A captain responsible for sinking 13 warships and nearly a thousand deaths in World War I— what’s so fearsome about that? Name the Austro-Hungarian submarine commander pictured here, who is much more famous today because of his refusal to fight in World War II.

A

George Ritter Von Trapp

41
Q

In 1940’s Operation Fork, Britain launched a surprise invasion of what neutral country, which would remain under British and American occupation for the rest of the war?

A

Iceland

42
Q

Japan’s “Death Railroad,” which was built by allied prisoners of war under brutal conditions between 1942 and 1943 and which was dramatized in the film The Bridge on the River Kwai, was an attempt to complete a rail link between what two cities, their respective nations’ most populous?

A

Bangkok, Yangon (Rangoon)

43
Q

In April 1939 this country absorbed Albania.

A

Italy

44
Q

Dirk Stikker, Dutch foreign minister 1948-1952, wrote, “Churchill’s words won the war”; this American’s “words won the peace”

A

George Marshall

45
Q

What’s the more common name for Operation Vittles, carried out between June 1948 and May 1949?

A

The “vittles” in question were going to a blockaded West Berlin.
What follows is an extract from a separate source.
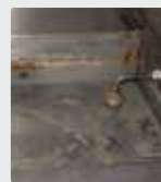
Grill plate in a restaurant/clubhouse

This was the Berlin Airlift.

46
Q

Of the various major conferences attended by heads of Allied states during World War II, two African cities served as hosts: Cairo (twice), and what other city, in January 1943?

A

Casablanca

47
Q

This phrase was used by the British government during WW2 to encourage the repair of clothes and other household items that would normally be discarded, due to shortages and rationing.

A

Make do and mend

48
Q

The term “foo fighter” originated during World War II, when it was used by Allied pilots to describe what mysterious aerial phenomenon?

A

UFO

49
Q

In politics it’s someone who firmly supports one side; in WWII history, it refers to anti-Nazi resistance fighters

A

Partisan

50
Q

The signing of the Munich Pact between Britain and Germany in 1938, followed less than a year later by the German invasion of Poland, infamously led Neville Chamberlain to proclaim that the agreement had procured a notorious four-word phrase with the structure “BLANK for BLANK BLANK”. What is that phrase?